Matanya penuh kebencian, berdiskusi dengan Ibu Zhou beberapa kali.
“Kita lakukan saja begitu, seorang wanita rendahan, aku pasti bisa mengatasinya! Ketika dia datang memohon padaku, aku akan membuatnya menyerahkan seluruh toko dan tanahnya!”
Halaman (3/3)
Gu Ruiyu belum tahu rencana Wang Shi, dia melangkah cepat keluar dari halaman Wang Shi.
Tak disangka bertemu dengan Zhou Zhaoyao.
“Salam, Putri.”
“Hmm,” Zhou Zhaoyao mengangguk sambil diam-diam menilai Gu Ruiyu, tak bisa dipungkiri dia jauh lebih tampan dari kakaknya yang bodoh, tubuhnya juga kekar, pasti pandai dalam urusan ranjang...
Zhou Zhaoyao menatap punggung Gu Ruiyu dengan penuh nafsu cukup lama, sampai pelayan di sebelahnya mengingatkan, baru dia sadar.
“Sayang sekali, pria sehebat ini ternoda oleh wanita rendahan itu,” Zhou Zhaoyao memainkan gelang di pergelangan tangannya, “Tidak apa-apa, bisa dicuci dan dipakai lagi~”
Pelayan di samping Zhou Zhaoyao sudah terbiasa dengan sikapnya, wajahnya tetap tenang seperti biasa.
“Ayo pergi, kudengar di pihak Wan Shi ada keributan besar, ibu mertuaku pasti sedang membencinya, tepat sekali, kita juga harus mulai mengurus beberapa hal.” Zhou Zhaoyao mengenakan pakaian sederhana, tapi tubuhnya lentik, dan saat bicara ada senyum yang menawan, penuh pesona.
Wan Suihuan beberapa hari ini terus beristirahat, Qiusuang sesekali membawa Gu Chengjing menjenguknya, mereka makan bersama.
Wan Suihuan melihat anak kecil itu, hatinya sangat senang.
Dia mengira Wang Shi pasti memanggilnya untuk menghina dan menyiksa, tapi setelah menunggu beberapa hari, tak ada yang datang.

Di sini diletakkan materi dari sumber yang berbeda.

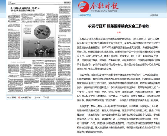 本報訊 記者左希報道 記者從中國農(nóng)業(yè)發(fā)展銀行獲悉,6月4日至5日,該行在吉林省長春市召開首次服務國家糧食安全工作會議,全面深入學習貫徹習近平總書記關于國家糧食安全重要論述,總結30年來服務國家糧食安全實踐經(jīng)驗,分析面臨的新形勢新任務,明確職能定位和發(fā)展思路,部署當前和今后一個時期服務國家糧食安全重點工作。農(nóng)發(fā)行黨委書記、董事長錢文揮,黨委委員、副行長徐一丁出席會議并講話,國家發(fā)展改革委、財政部、農(nóng)業(yè)農(nóng)村部、金融監(jiān)管總局、國家糧儲局等部門領導同志到會指導。農(nóng)發(fā)行各省級分行主要負責人、服務國家糧食安全領導小組成員單位及相關部門負責人等參加座談交流。
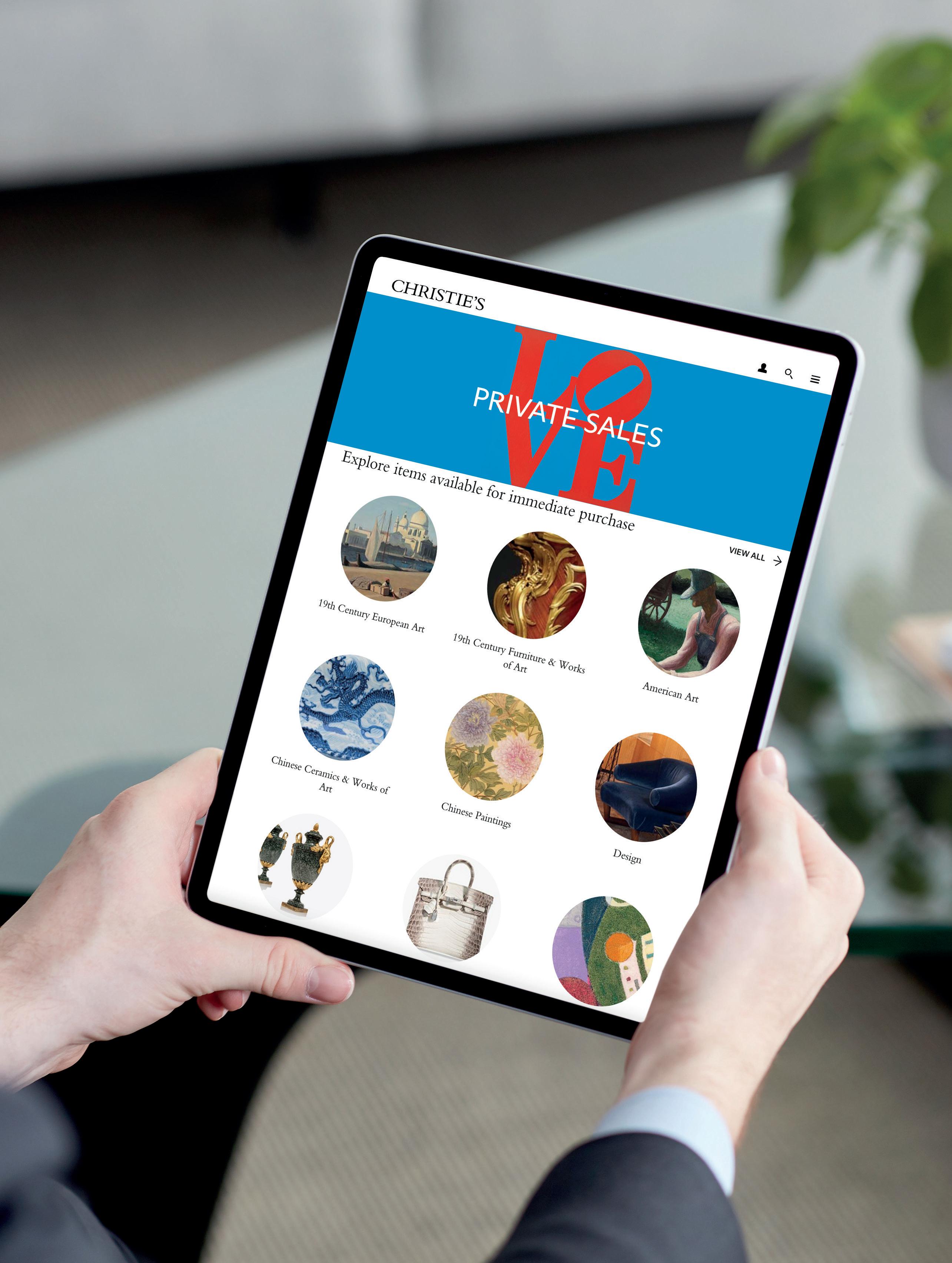 Private Sales at Christie’s have grown rapidly in size, value and depth in recent years, totalling $1.2 billion in 2022: our third highest year ever and a 52% increase on pre-pandemic levels in 2019. Selling Exhibitions are a core component of our Private Sales business.

Mungkin ibu mertuanya menyimpan trik besar.
Hari ini, mereka selesai makan malam, ibu dan anak duduk bersama membaca buku, Qiusuang mengajak Gu Chengjing pergi ke taman beristirahat.
Akhir-akhir ini, urusan istana banyak, Gu Ruiyu jarang datang, hari ini dia punya waktu senggang, jadi datang.
Wan Suihuan yang hampir tidur melihat kedatangan Gu Ruiyu, ingin bangun, tapi tetap berusaha sopan.
Sekarang bukan waktu untuk bertengkar.
“Tidak perlu bangun,” kata Gu Ruiyu, lalu memerintahkan orang menyiapkan mandi.
Wan Suihuan mendengar itu, mandi? Apakah hari ini dia akan menginap di sini?